Page 1 of 1
Detecting language in filename
Posted: 03 Apr 2016, 00:46
by jeff1326
I am trying to keep spoken language from filename, so i did this as a proof of concept :
Code: Select all
{fn.space('..').matchAll(/(?i)(?:\.)(VFI?|FR|ENGLISH|EN|SPANISH|SPA)(?:\.|$)/)}
If i do my test with this fake filename :
Virgin..Suicides..vfi..vf..1999..1080p..FR..EN..X264..AC3-mHDgz
On
https://regex101.com/r/aK9fB1/2, i get the expected behavior
On
http://regexr.com/3d4vj, the result seem to match filebot behavior
On filebot i get this result :
[.FR., .EN.]
I used a non-capturing group for the dot, why i get dot in result ?
What i missed ?
Re: Detecting language in filename
Posted: 03 Apr 2016, 00:58
by jeff1326
I saw than rednoah made matchAll case insensitive by default !
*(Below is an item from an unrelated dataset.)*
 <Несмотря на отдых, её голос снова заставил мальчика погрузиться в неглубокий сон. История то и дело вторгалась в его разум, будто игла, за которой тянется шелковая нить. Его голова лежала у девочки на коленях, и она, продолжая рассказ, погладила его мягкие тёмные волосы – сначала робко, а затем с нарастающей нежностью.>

And i found that the following code work as expected :
Code: Select all
{fn.space('..').matchAll(/(?:\.)VFI?|FR|ENGLISH|EN|SPANISH|SPA(?:\.|$)/)}
Re: Detecting language in filename
Posted: 03 Apr 2016, 03:27
by rednoah
Fixed, so String.matchAll() should work more like String.match() now.
Re: Detecting language in filename
Posted: 03 Apr 2016, 14:48
by jeff1326
This fix will be included in which version of filebot ?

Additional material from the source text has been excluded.